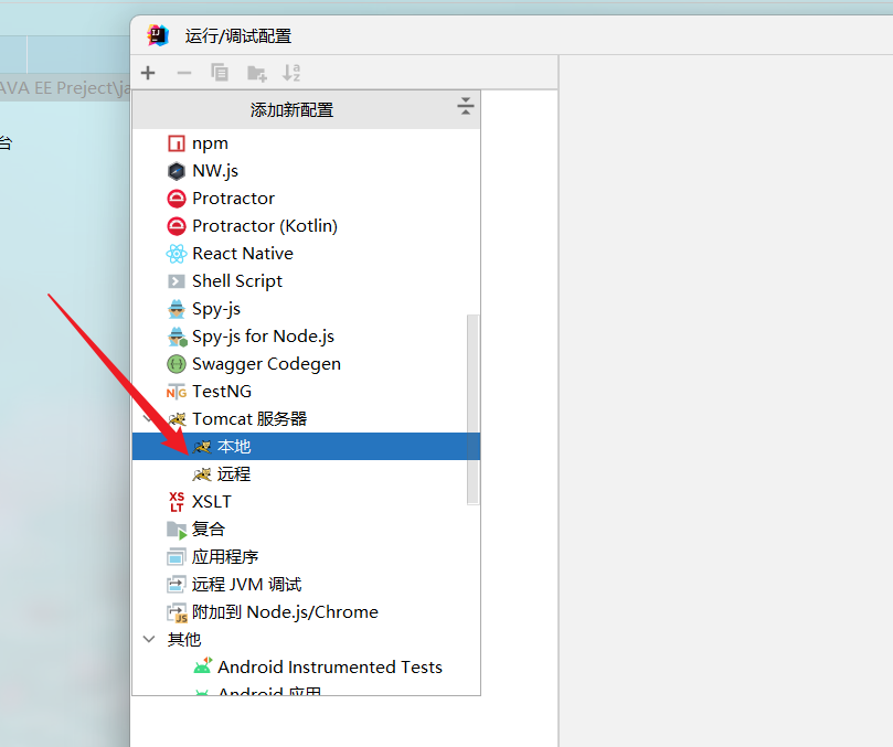 6 往下滑 找到Tomcat服务器(注意不是Tomcat EE)选择本地点击
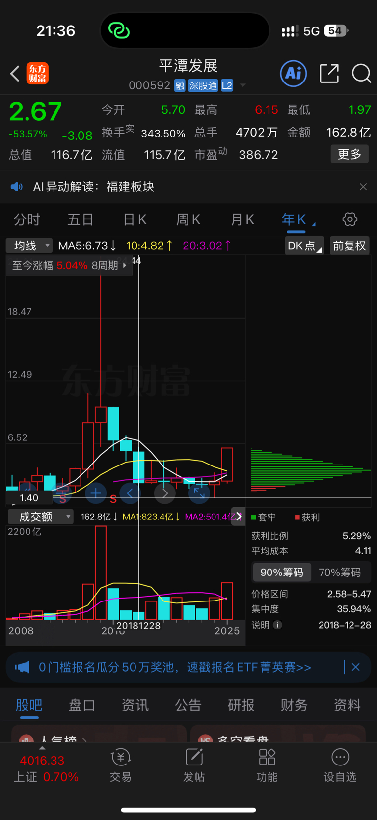 $平潭发展(SZ000592)$ 开始过前高了 前面还有人套着呢么
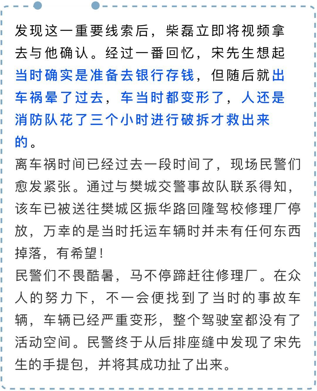 “2019年7月29日13时14分,樊城公安分局太平派出所接到宋先生打来的报警电话,称自己辛辛苦苦攒的10万元不见了,怀疑是被人偷了。值班民警柴磊接到报警电话后,立即带着同事赶往现场。民警对现场进行二次勘查后,仍没有发现手提包的踪迹。考虑到有内贼的可能,民警柴磊对宋先生一家进行逐一询问,最终也排除了他们动过这笔巨款的可能性。案件陷入僵局,为了找到突破口。民警柴磊让宋先生把这几天发生的事情,都事无巨细讲出来,终于一句话引起了柴磊的注意。”
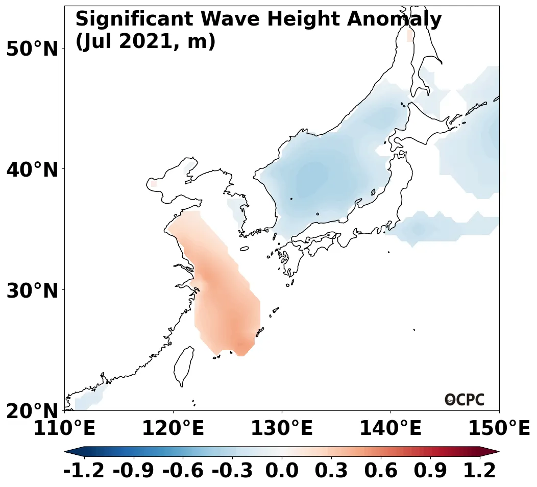 황해와 동중국해의 평균 유의파고는 평년(0.7m, 1.3m)보다 각각 7.9cm, 22.5cm 높았고, 동해는 평년(0.8m)보다 24.8cm 낮았습니다.
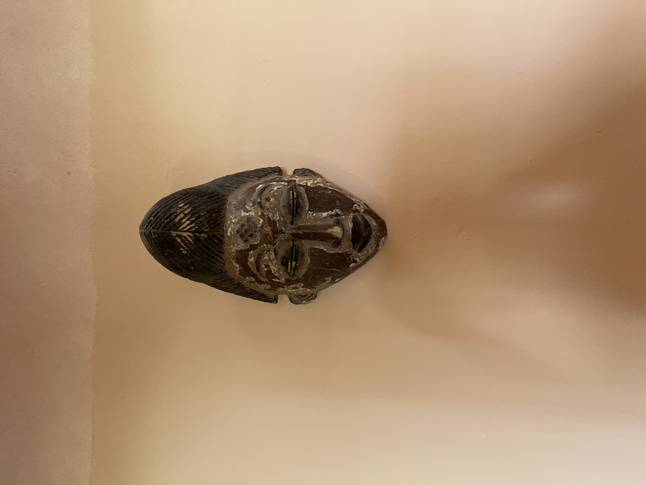 A dark brown wooden mask is centrally mounted on a light peach-colored interior wall in Kasoa, Ghana

# Exercise goal
Output the listing exactly. Leave out any image.

# Answer space
 6 往下滑 找到Tomcat服务器(注意不是Tomcat EE)选择本地点击
 $平潭发展(SZ000592)$ 开始过前高了 前面还有人套着呢么
 “2019年7月29日13时14分,樊城公安分局太平派出所接到宋先生打来的报警电话,称自己辛辛苦苦攒的10万元不见了,怀疑是被人偷了。值班民警柴磊接到报警电话后,立即带着同事赶往现场。民警对现场进行二次勘查后,仍没有发现手提包的踪迹。考虑到有内贼的可能,民警柴磊对宋先生一家进行逐一询问,最终也排除了他们动过这笔巨款的可能性。案件陷入僵局,为了找到突破口。民警柴磊让宋先生把这几天发生的事情,都事无巨细讲出来,终于一句话引起了柴磊的注意。”
 황해와 동중국해의 평균 유의파고는 평년(0.7m, 1.3m)보다 각각 7.9cm, 22.5cm 높았고, 동해는 평년(0.8m)보다 24.8cm 낮았습니다.
 A dark brown wooden mask is centrally mounted on a light peach-colored interior wall in Kasoa, Ghana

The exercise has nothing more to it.